Find the line with "表E.0.2 焊接工藝評(píng)定報(bào)告格式" in the data below. Repeat it and every line after it up to the end, exactly, but drop the pictures.

### Stored data
· · ·
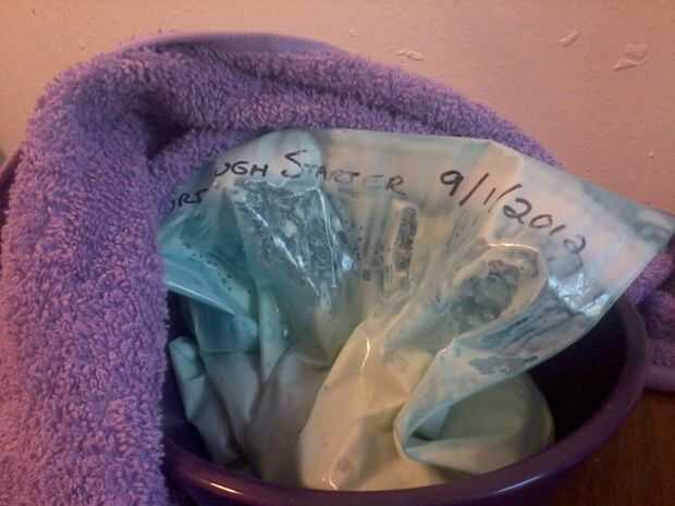 Con que sea el final del verano, estamos utilizando nuestra sala de lavandería que también tiene un poco de humedad para ayudar a la fermentación. Cubrir la bolsa y el recipiente con una toalla y dejar reposar de 4 a 8 horas hasta que el motor de arranque se ha duplicado en tamaño. Estará listo para usar cuando parece pegajosa, elástica y burbujeante.
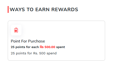 - You will earn 25 points for each ₨ 500 spent on the website.
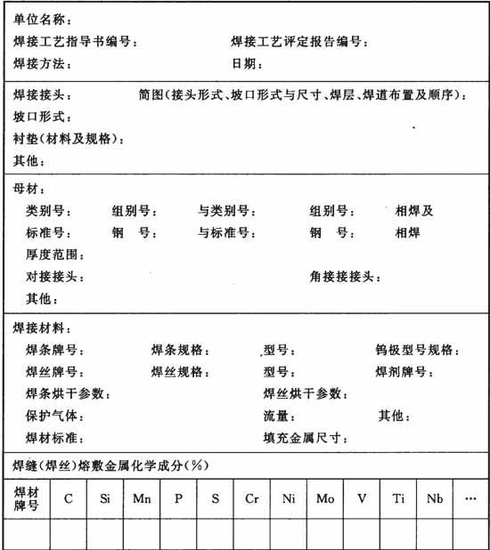 表E.0.2 焊接工藝評(píng)定報(bào)告格式
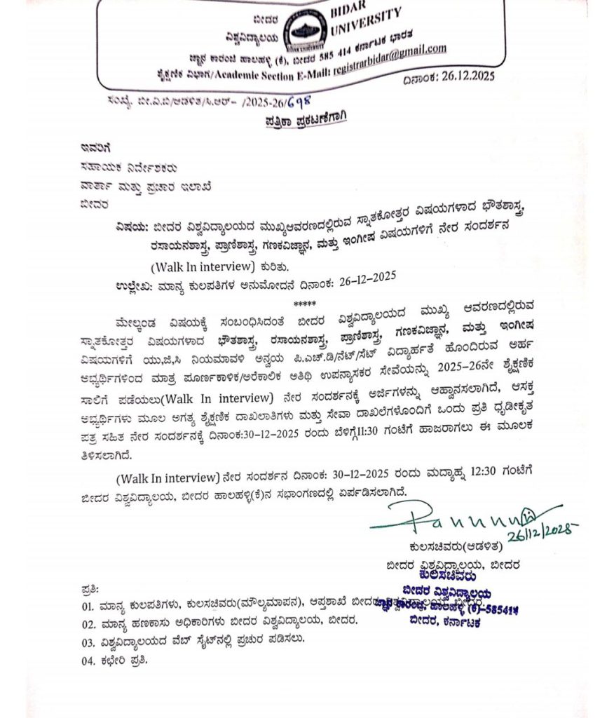 ಬೀದರ.25.ಡಿಸೆಂಬರ್.26:- ಬೀದರ ವಿಶ್ವವಿದ್ಯಾಲಯದ ಮುಖ್ಯ ಆವರಣದಲ್ಲಿರುವ ಸ್ನಾತಕೋತ್ತರ ವಿಷಯಗಳಾದ ಭೌತಶಾಸ್ತç, ರಸಾಯನಶಾಸ್ತç, ಪ್ರಾಣಿಶಾಸ್ತç, ಗಣಕವಿಜ್ಞಾನ, ಮತ್ತು ಇಂಗೀಷ ವಿಷಯಗಳಿಗೆ ಯು,ಜಿ,ಸಿ ನಿಯಮಾವಳಿ ಅನ್ವಯ ಪಿ.ಎಚ್.ಡಿ/ನೆಟ್/ಸೆಟ್ ವಿದ್ಯಾರ್ಹತೆ ಹೊಂದಿರುವ ಅರ್ಹ ಅಭ್ಯರ್ಥಿಗಳಿಂದ ಮಾತ್ರ ಪೂರ್ಣಕಾಳಿಕ/ಅರೆಕಾಲಿಕ ಅತಿಥಿ ಉಪನ್ಯಾಸಕರ ಸೇವೆಯನ್ನು 2025-26ನೇ ಶೈಕ್ಷಣಿಕ ಸಾಲಿಗೆ ಪಡೆಯಲು ನೇರ ಸಂದರ್ಶನಕ್ಕೆ ಅರ್ಜಿಗಳನ್ನು ಆಹ್ವಾನಿಸಲಾಗಿದೆ.
· · ·
### The answer
 表E.0.2 焊接工藝評(píng)定報(bào)告格式
 ಬೀದರ.25.ಡಿಸೆಂಬರ್.26:- ಬೀದರ ವಿಶ್ವವಿದ್ಯಾಲಯದ ಮುಖ್ಯ ಆವರಣದಲ್ಲಿರುವ ಸ್ನಾತಕೋತ್ತರ ವಿಷಯಗಳಾದ ಭೌತಶಾಸ್ತç, ರಸಾಯನಶಾಸ್ತç, ಪ್ರಾಣಿಶಾಸ್ತç, ಗಣಕವಿಜ್ಞಾನ, ಮತ್ತು ಇಂಗೀಷ ವಿಷಯಗಳಿಗೆ ಯು,ಜಿ,ಸಿ ನಿಯಮಾವಳಿ ಅನ್ವಯ ಪಿ.ಎಚ್.ಡಿ/ನೆಟ್/ಸೆಟ್ ವಿದ್ಯಾರ್ಹತೆ ಹೊಂದಿರುವ ಅರ್ಹ ಅಭ್ಯರ್ಥಿಗಳಿಂದ ಮಾತ್ರ ಪೂರ್ಣಕಾಳಿಕ/ಅರೆಕಾಲಿಕ ಅತಿಥಿ ಉಪನ್ಯಾಸಕರ ಸೇವೆಯನ್ನು 2025-26ನೇ ಶೈಕ್ಷಣಿಕ ಸಾಲಿಗೆ ಪಡೆಯಲು ನೇರ ಸಂದರ್ಶನಕ್ಕೆ ಅರ್ಜಿಗಳನ್ನು ಆಹ್ವಾನಿಸಲಾಗಿದೆ.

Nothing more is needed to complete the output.